This Career Development Plan involves an integrated collection of research and educational activities focused on algorithms for high-dimensional geometric problems.
Geometric computing with high-dimensional data is of crucial importance to many areas of computer science, including machine learning, data mining, databases and information retrieval, computer vision and computational biology. Example problems in this area are: nearest neighbor search, many variants of data clustering, and discovering linear structure of the data (e.g. via Principal Component Analysis (PCA)). Unfortunately, the classical geometric algorithms for many of these problems do not scale well with the dimension. For example, the running times of the classical algorithms for the nearest neighbor search depend exponentially on the dimension, which makes them inefficient for dimension higher than, say, 20. This is unfortunate, since many applications involve number of dimensions anywhere from a few hundred to a few million.
In recent years, new, powerful techniques for solving these problems have been discovered, most notably dimensionality reduction and random sampling in geometric spaces. The algorithms obtained using those techniques enjoy very low (at most linear) dependence on the dimension, at the cost of providing approximate answers. The problems amenable to these techniques include nearest neighbor search, clustering and PCA. However, the algorithmic solutions to these problems still possess (sometimes quite severe) limitations. Our goal is to identify methods for circumventing these limitations and making the algorithms efficient, both in theory and in practice.
The techniques which led to the development of the aforementioned algorithms are new and still not widely known.

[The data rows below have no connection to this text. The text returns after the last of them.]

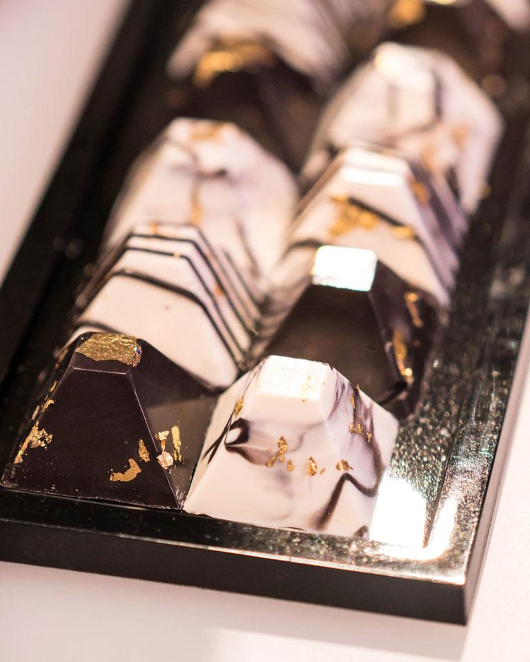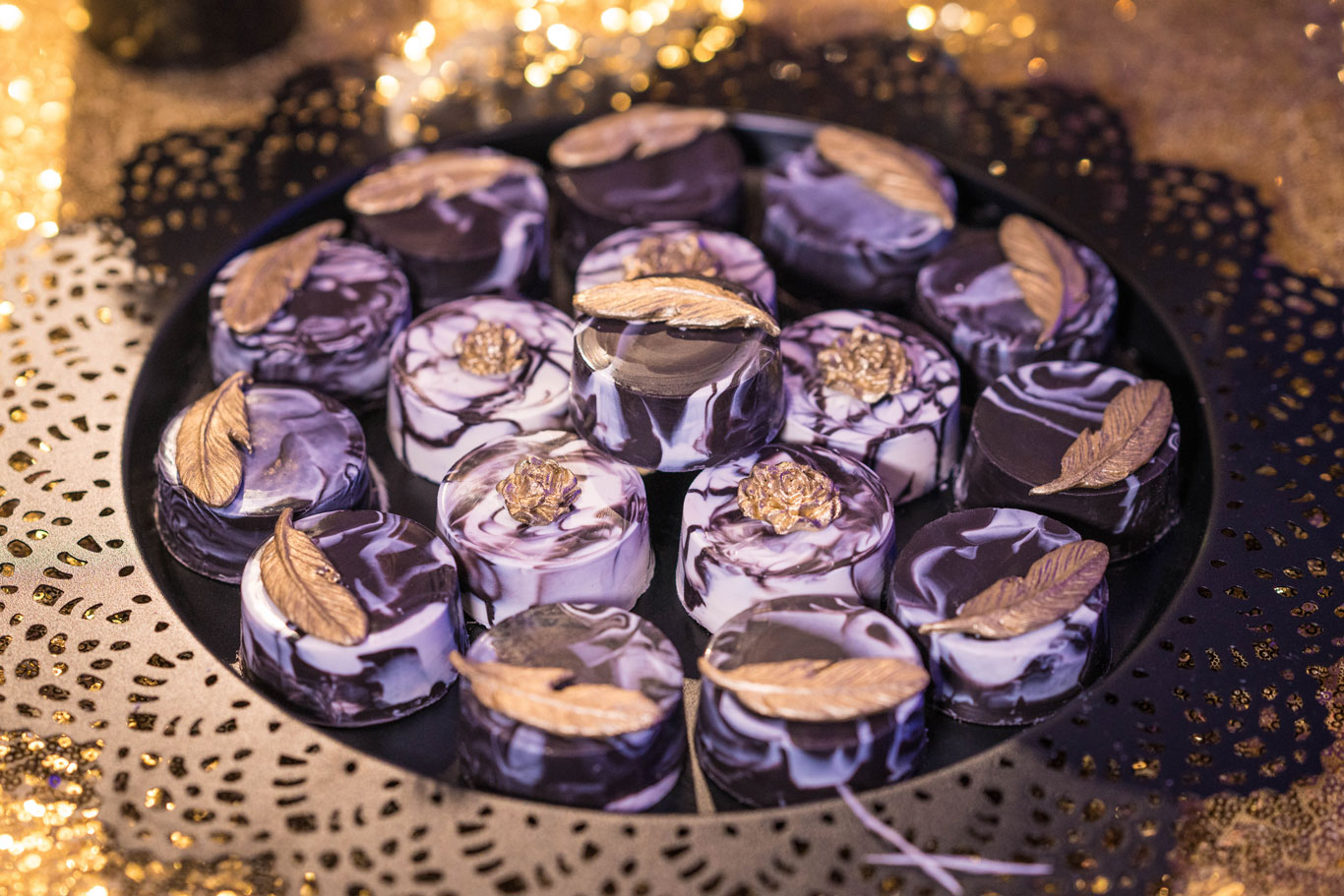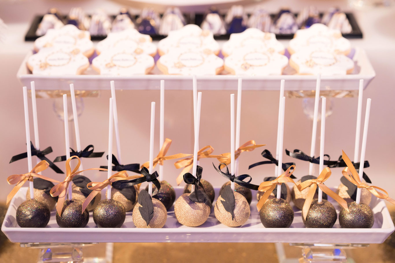 The Indulgence Bar was complemented with the addition of alternate black, gold and white cake pops which were generously covered in chocolate and adorned with sugar crystals, before being tied with a delicate bow ribbon. Featuring a rich chocolate and vanilla flavour.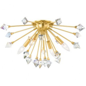 Collection: Genesis, Material: Steel, Finish Color: Aged Brass, Width: 22.5", Height: 11.25", Hanging Method: Flush, Lamping Type: Incandescent, Number Of Bulbs: 4, Wattage: 60 Watts, Moisture Rating: Damp Rated, Desc: A Mid-century marvel, the sputnik style has captivated design fiends for decades. Genesis reimagines this icon, bringing celestial glamour in starburst form. Dancing between each light source are iridescent crystals, creating prisms of light throughout the room. Finished in aged brass, the Genesis Wall Sconce, Flush Mount, and Chandelier is the statement-making piece you need.,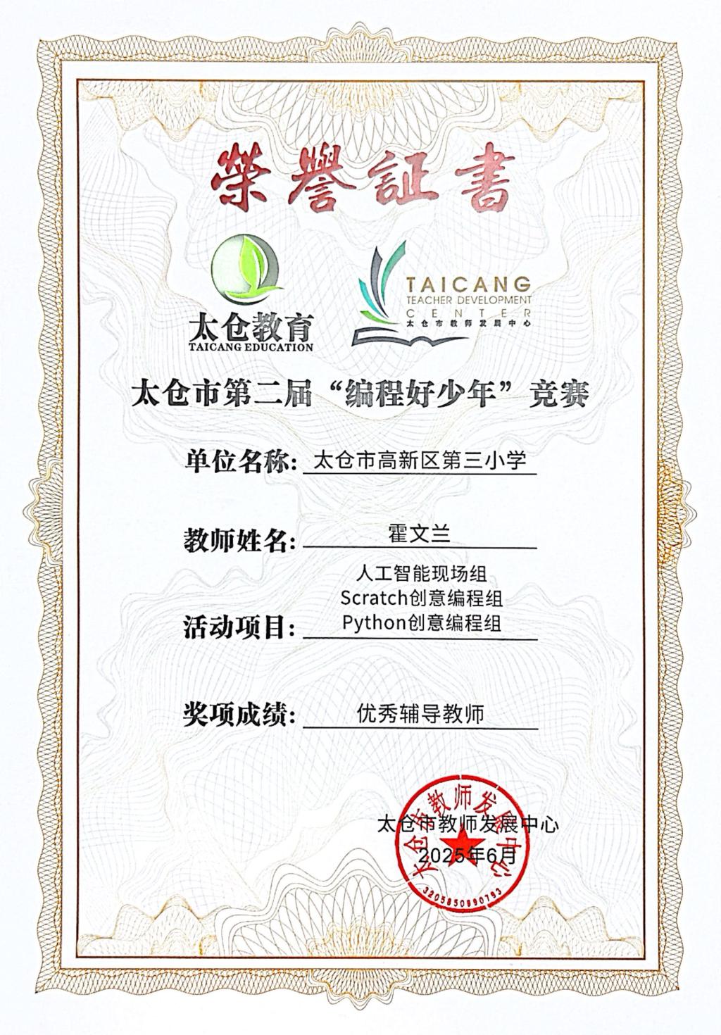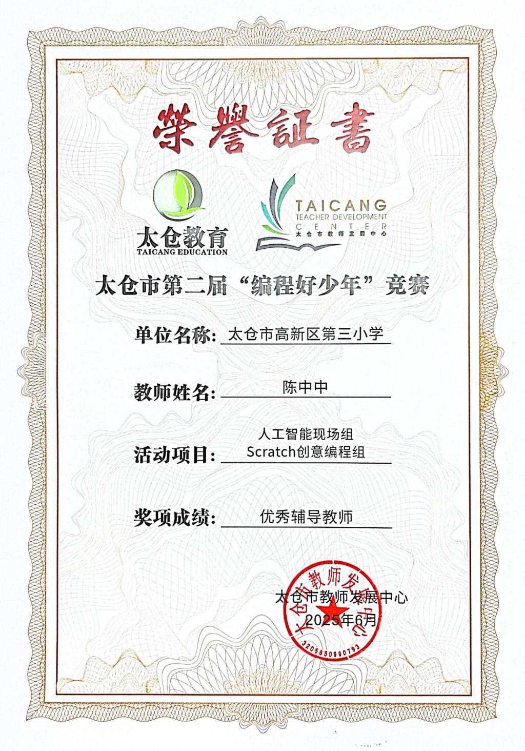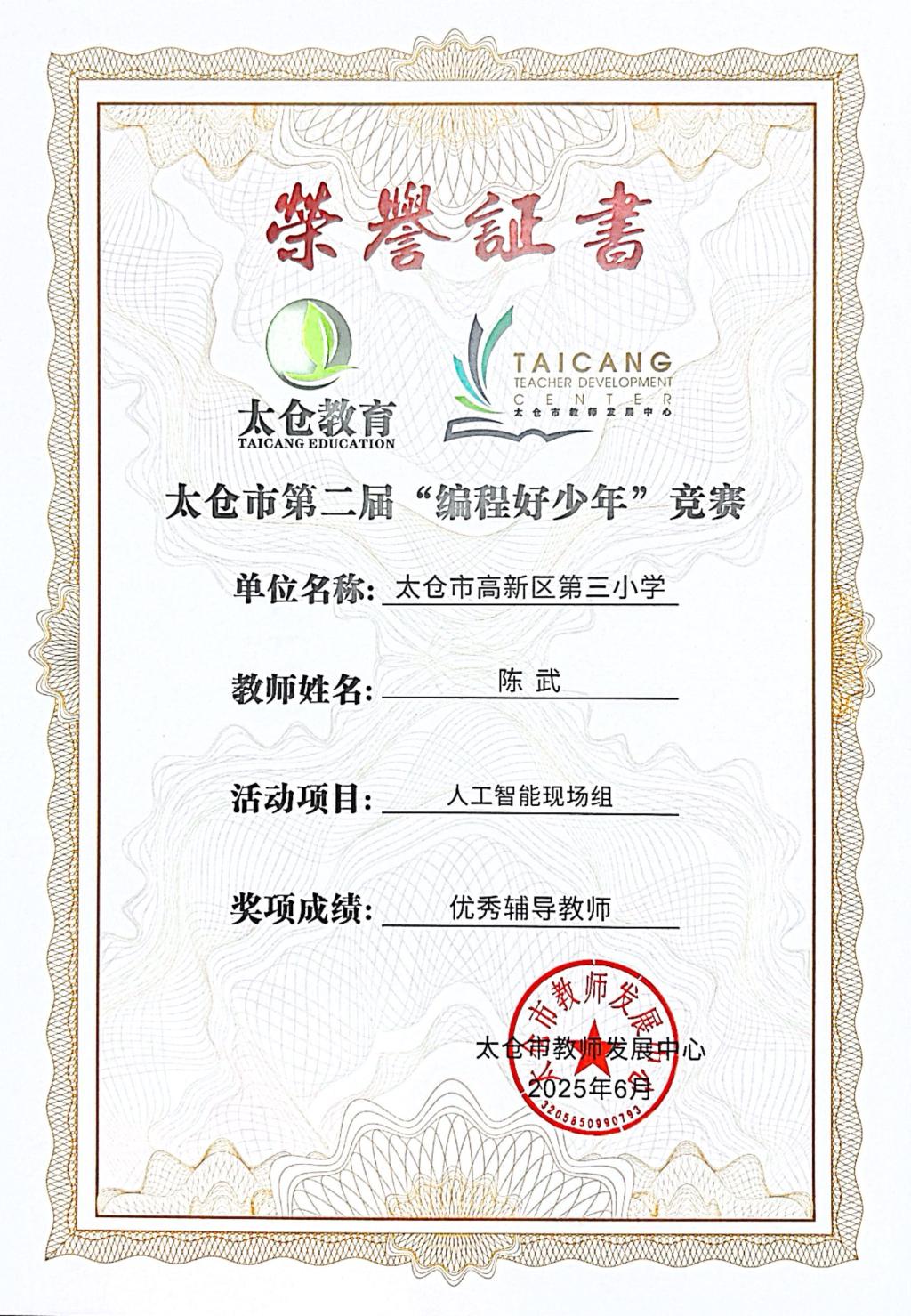 陈武、陈中中、霍文兰老师在太仓市第二届“编程好少年”竞赛人工智能现场组荣获优秀辅导教师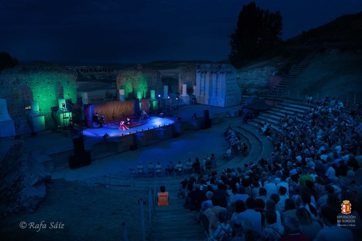 En la segunda jornada del Festival de Verano Clunia 2024, la compañía Factoría Teatro, representó una obra inédita de Lope de Vega, “El Marqués de las Navas”. El público asistente, que llenó las gradas del teatro romano de Clunia, disfrutó de una comedia de enredos, amores cortesanos, despechos amorosos y celos, duelos de espadas, muertos y espectros; todo a través de personajes y episodios reales de la vida de la corte de Felipe II.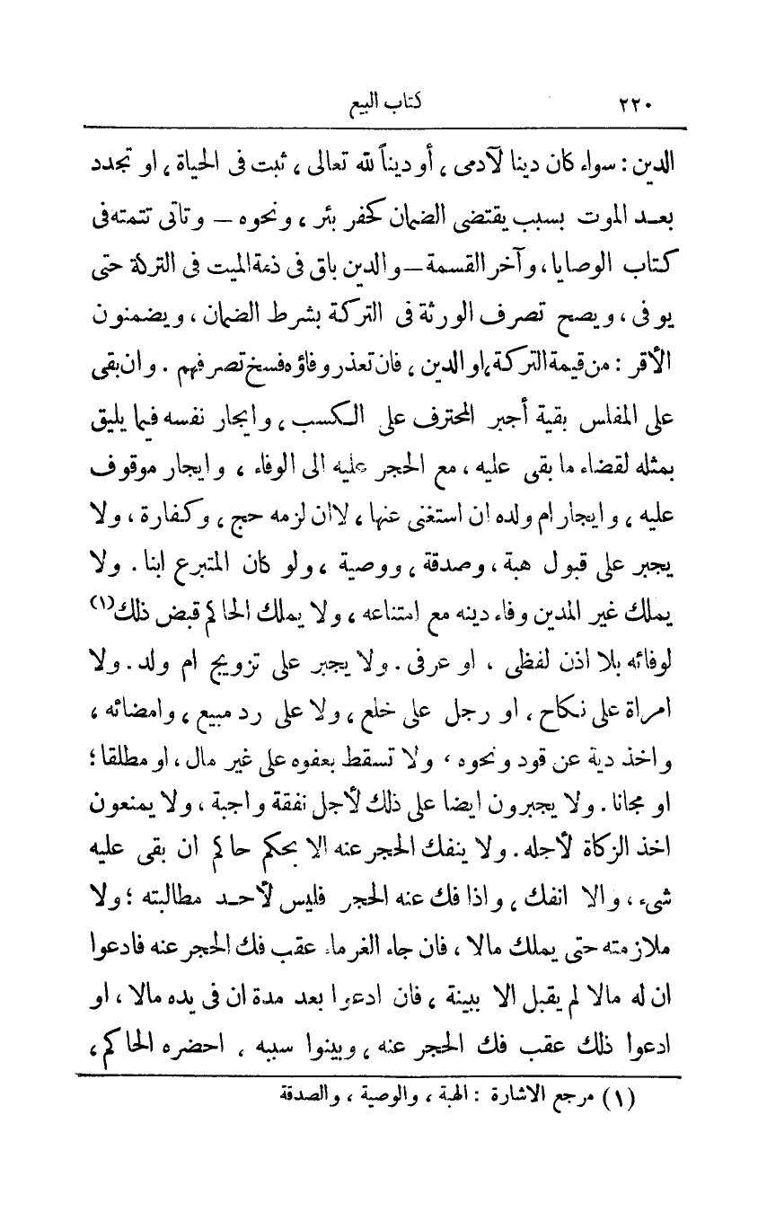 الدين: سواء كان دينا لآدمي أو دينا لله تعالى: ثبت في الحياة أو تجدد بعد الموت بسبب يقتضي الضمان كحفر بئر ونحوه - وتأتي تتمته في كتاب الوصايا وآخر القسمة - والدين باق في ذمة الميت في التركة حتى يوفي ويصح تصرف الورثة في التركة بشرط الضمان ويضمنون الأقر: من قيمة التركة أو الدين فإن تعذر وفاؤه فسخ تصرفهم وإن بقي على المفلس بقية أجبر المحترف على الكسب وإيجار نفسه فيما يليق بمثله لقضاء ما بقي عليه مع الحجر عليه إلى الوفاء وإيجار موقوف عليه وإيجار أم ولده إن استغنى عنها لا إن لزمه حج وكفارة ولا يجبر على قبول هبة وصدقة ووصية ولو كان المتبرع ابنا ولا يملك غير المدين وفاء دينه مع امتناعه ولا يملك الحاكم قبض ذلك1 لوفائه بلا أذن لفظي أو عرفي ولا يجبر على تزويج أم ولد ولا امرأة على نكاح أو رجل على خلع ولا على رد مبيع وإمضائه وأخذ دية عن قود ونحوه ولا تسقط بعفوه على غير مال أو مطلقا أو مجانا ولا يجبرون أيضا على ذلك لأجل نفقة واجبة ولا يمنعون أخذ الزكاة لأجله ولا ينفك الحجر عنه إلا بحكم حاكم إن بقي عليه شيء وإلا انفك وإذا فك عنه الحجر فليس لأحد مطالبته ولا ملازمته حتى يملك مالا فإن جاء الغرماء عقب فك الحجر عنه فادعوا أن له مالا لم يقبل إلا ببينة فإن ادعوا بعد مدة أن في يده مالا أو ادعوا ذلك عقب فك الحجر عنه وبينوا سببه أحضره الحاكم،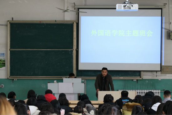 本学期的学习生活已接近尾声,期末考试临近。为弘扬外国语学院优良的考风考纪传统,端正同学们的考试态度,外国语学院于12月26日上午在至善楼3237教室召开“严肃考风考纪,争做诚信学生”的主题班会,外国语学院院长韩泽亭、副院长张学祥、18级辅导员卢术强及18级全体学生出席并参加本次主题班会。

They include many tools which have been developed during 70s and 80s in the field of mathematics called functional analysis. However, computer scientists became aware of those methods only very recently, and many of the fundamental results are still not widely known or used. Therefore, it is important to make these results accessible to large computer science audience so that they can be successfully used, investigated and developed. In the Education Plan section we outline a plan on how to make them more accessible to students as well as computer scientists.